Chris - Is this all done in vitro? In other words, you make these things artificially in a dish, or are you actually at the stage where you can say, "Well that's the protein I want so I can work out what the gene sequence would be and then I can make that gene sequence and say, put it into E. coli or yeast or something to get that to make it for you."
Ross - It's a little bit of both at the moment. What usually happens is that we start with a protein sequence that we quite like and then we would synthesise it in vitro. There's fairly decent systems now that are kind of almost like a robot which will build up your protein sequence for you. They're quite expensive though and so we tend to prefer ordering an artificial gene which are now very, very cheap. Then we get something like E. coli or as you say, yeast to make the protein for us. So, generally, the proteins I work with, I get E. coli to make them which ends up exceptionally cheap in the end.
Chris - Are there any risks associated with doing this kind of thing?

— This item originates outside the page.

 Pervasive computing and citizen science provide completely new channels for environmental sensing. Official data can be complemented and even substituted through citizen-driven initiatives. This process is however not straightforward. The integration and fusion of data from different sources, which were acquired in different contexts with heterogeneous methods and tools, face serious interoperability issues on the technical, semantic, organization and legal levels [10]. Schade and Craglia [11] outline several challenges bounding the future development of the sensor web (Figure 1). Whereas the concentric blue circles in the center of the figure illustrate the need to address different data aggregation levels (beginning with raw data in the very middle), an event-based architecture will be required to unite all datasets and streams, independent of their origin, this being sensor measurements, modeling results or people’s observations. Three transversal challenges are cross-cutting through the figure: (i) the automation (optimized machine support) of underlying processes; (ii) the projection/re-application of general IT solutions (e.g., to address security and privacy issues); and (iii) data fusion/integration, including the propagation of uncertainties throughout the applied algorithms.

Ross - With my work, I would say no. the gene that we insert into E. coli is completely benign and certainly, it doesn't change how toxic the E. coli is to us. So in that sense, no, there really are no risks with what I do personally.

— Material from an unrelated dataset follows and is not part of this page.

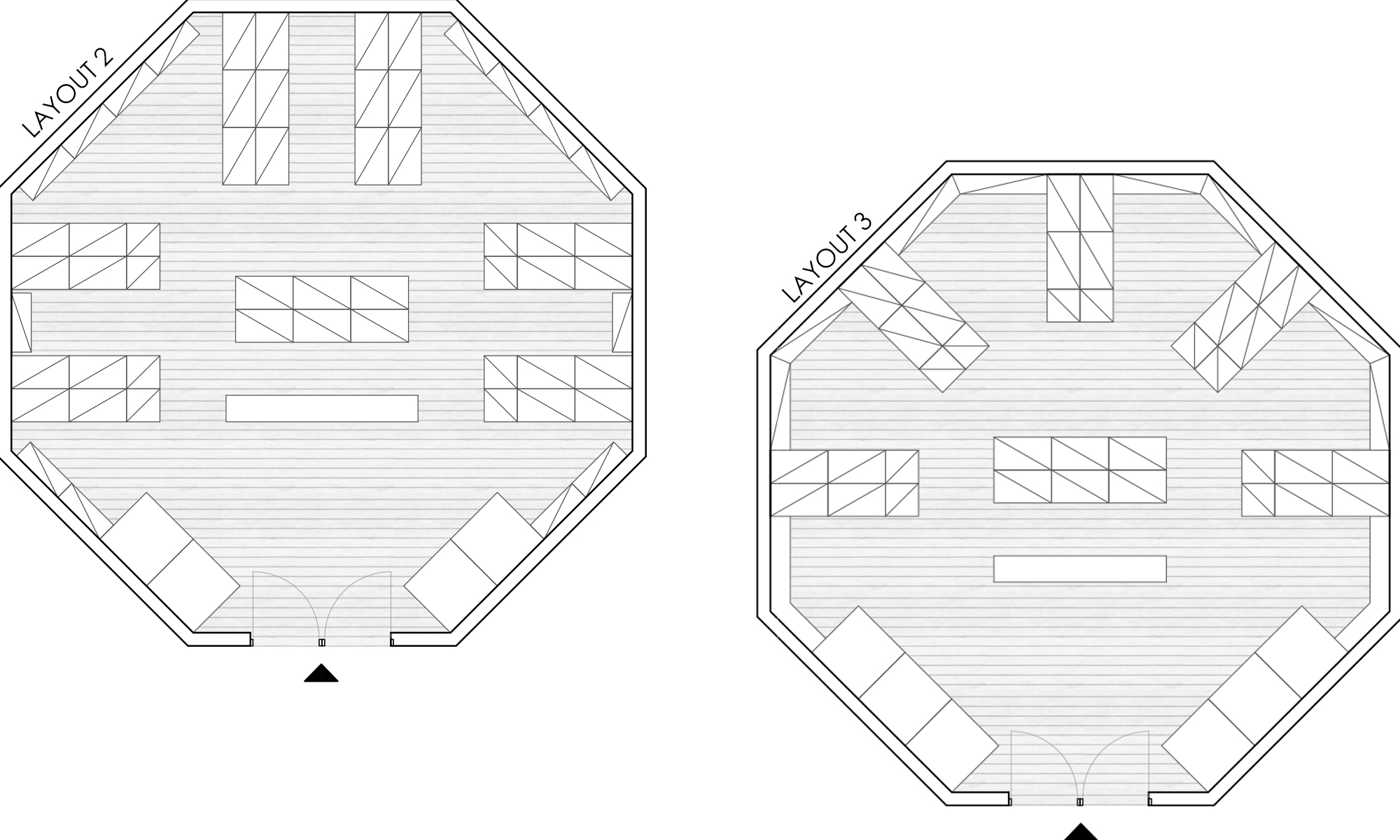 Nella seconda proposta invece si è lavorato sulla tipologia a pianta centrale, partendo dalla figura dell'ottagono e caratterizzando in maniera differente i lati della facciata, alternando le soluzioni applicate. Sulla facciata dell'ingresso principale e su quelle ad esse perpendicolari si è riproposto il tema della casa con tetto a falda, mentre sulle facciate diagonali si è utilizzata la soluzione del brisesoleil.

Chris - And looking to the future, say we can build bespoke proteins, would there be both therapeutic and industrial applications here? Could you take some of these diseases that people suffer from because one of their own proteins is the wrong shape and build one that works better for them and put it in?
Ross - Yeah, absolutely. This is really what's going to happen in the future. We're really at the beginning of this whole field even though it's been running for about 10 - 15 years. There's not been a huge amount of progress. Primarily, just because there's not really that many groups who've been working in it. But what we could definitely see in the future is targeted therapies for improperly folded proteins in the body. Also, directed therapies against cancer for instance, we can make antibody silent proteins to go in and perform a reaction which kills cancerous cells for instance. Industry is really where my work would be more applicable to. In the future, in the absence of crude oil, we're going to have to look for other sources of fuel and a big area of interest is making methanol from methane. Again, nature does this fairly well in the bug, but when we try and work with the proteins outside the particular bug, they're not so amenable to industrial processes. So what we're really trying to strive for is a cheap form of catalyst that we can just grow, essentially.